Su relato fue interrumpido cuando se abrió el portón principal y vimos las luces
de un auto. Era mi amigo que iba a supervisar nuestra estancia. Me adelanté
para saludarlo y a comentarle sobre el misterioso jardinero que, cuando
volteamos hacia la fogata, había desaparecido.

El rostro de mi amigo se descompuso y dijo: “volvió a hacerlo”. Ante mi


sorpresa, confesó: “aquí no hay jardinero, se trata de un aparecido, Don
Jerónimo Beltrán, el dueño de la Hacienda, que murió violentamente un siglo
antes, junto con su esposa, por defender la propiedad de las fuerzas
zapatistas”.

Con lujo de detalle, me relató el funesto desenlace de Don Jero, pero me pidió
no contar nada pues necesitaba el trabajo y las apariciones estaban
ahuyentando a los vacacionistas y al personal del hotel.

Regresé sobresaltado a mi habitación, hilvanando los extraños sucesos


acaecidos desde nuestra llegada; pero también con la disyuntiva de contar la
inverosímil historia a mi familia o guardar silencio con la expectativa de que no
siguieran ocurriendo más hechos sobrenaturales.
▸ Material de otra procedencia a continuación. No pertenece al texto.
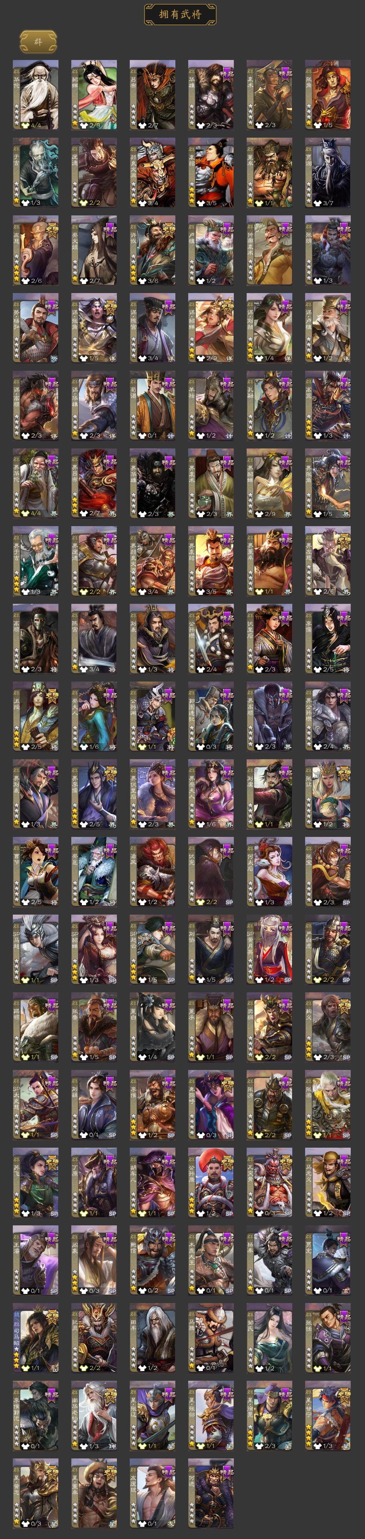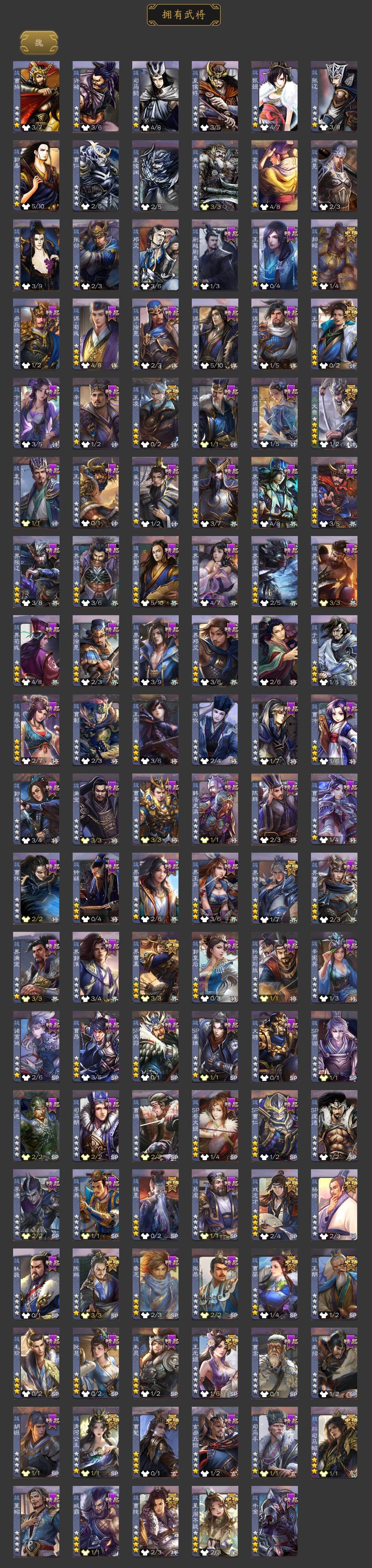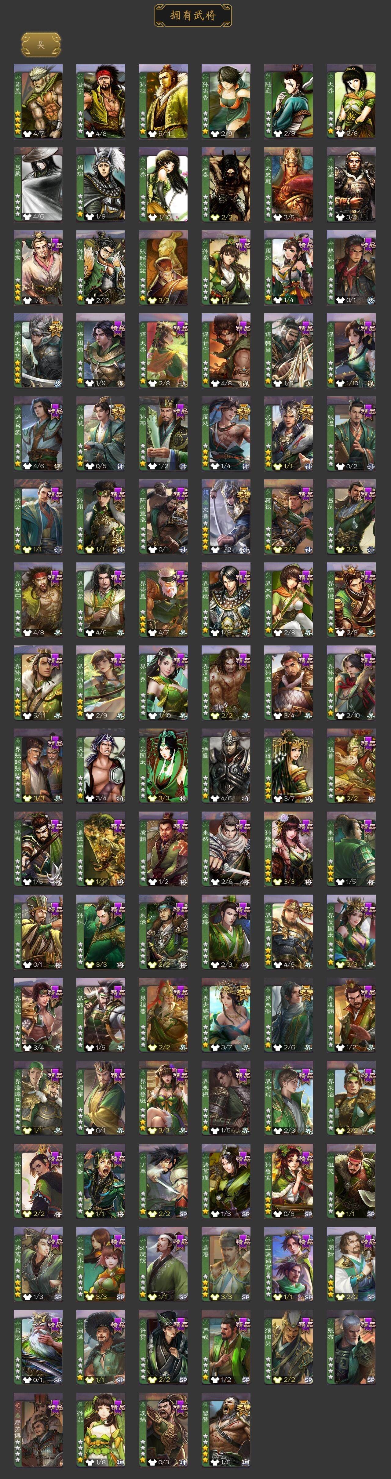 神吕布,神赵云,神陆逊,神刘备,神张辽,神吕蒙,神周瑜,曹髦,星周不疑,王粲,杨修,文鸯,王元姬,王凌,王朗,魏-司马昭,界钟会,界曹真,郝昭,陈琳,曹婴,曹纯,戏志才,清河公主,谋诸葛亮,马云騄,谋赵云,谋马超,诸葛瞻,赵襄,王平,沙摩柯,谯周,界黄忠,花鬘,董允,周处,吴景,

A duras penas concilié el sueño, pero de madrugada, me despertó un ruido. Me


asomé por la ventana y en la penumbra de la noche vi a Don Jero, de
espaldas, que barría la hojarasca del jardín; en ese momento giró, lentamente
comenzó a avanzar hacia mí y a medida que se acercaba podía distinguir su
rostro desfigurado y sangrante que terminó azotando en el cristal para decirme:
“lárguense de aquí”. De golpe cerré las cortinas y, aterrado, comprendí que
teníamos que salir cuanto antes de ese lugar.
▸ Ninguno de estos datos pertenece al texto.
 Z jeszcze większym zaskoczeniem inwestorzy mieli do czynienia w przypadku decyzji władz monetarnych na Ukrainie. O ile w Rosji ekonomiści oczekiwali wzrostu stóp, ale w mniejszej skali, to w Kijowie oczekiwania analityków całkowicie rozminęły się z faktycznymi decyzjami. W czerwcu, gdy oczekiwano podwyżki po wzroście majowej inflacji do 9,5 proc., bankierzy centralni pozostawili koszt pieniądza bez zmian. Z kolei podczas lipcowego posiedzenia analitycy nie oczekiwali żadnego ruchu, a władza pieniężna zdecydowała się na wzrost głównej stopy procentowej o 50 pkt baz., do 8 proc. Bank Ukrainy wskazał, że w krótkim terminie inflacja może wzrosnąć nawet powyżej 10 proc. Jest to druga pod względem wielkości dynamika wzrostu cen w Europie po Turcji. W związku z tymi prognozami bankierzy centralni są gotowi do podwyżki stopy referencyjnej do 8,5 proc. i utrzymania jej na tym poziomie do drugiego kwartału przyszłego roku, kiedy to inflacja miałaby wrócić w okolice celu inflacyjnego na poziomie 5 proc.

Sin embargo, me sorprendió el amanecer buscando la manera de cómo


convencer a mis familiares de irnos sin mencionarles lo ocurrido. Me hice el
firme propósito de que nunca sabrían que el jardinero era un fantasma y que se
me había aparecido de madrugada; pero por sobre todas las cosas, jamás se
enterarían de que, la noche anterior, una muerta nos había servido la cena.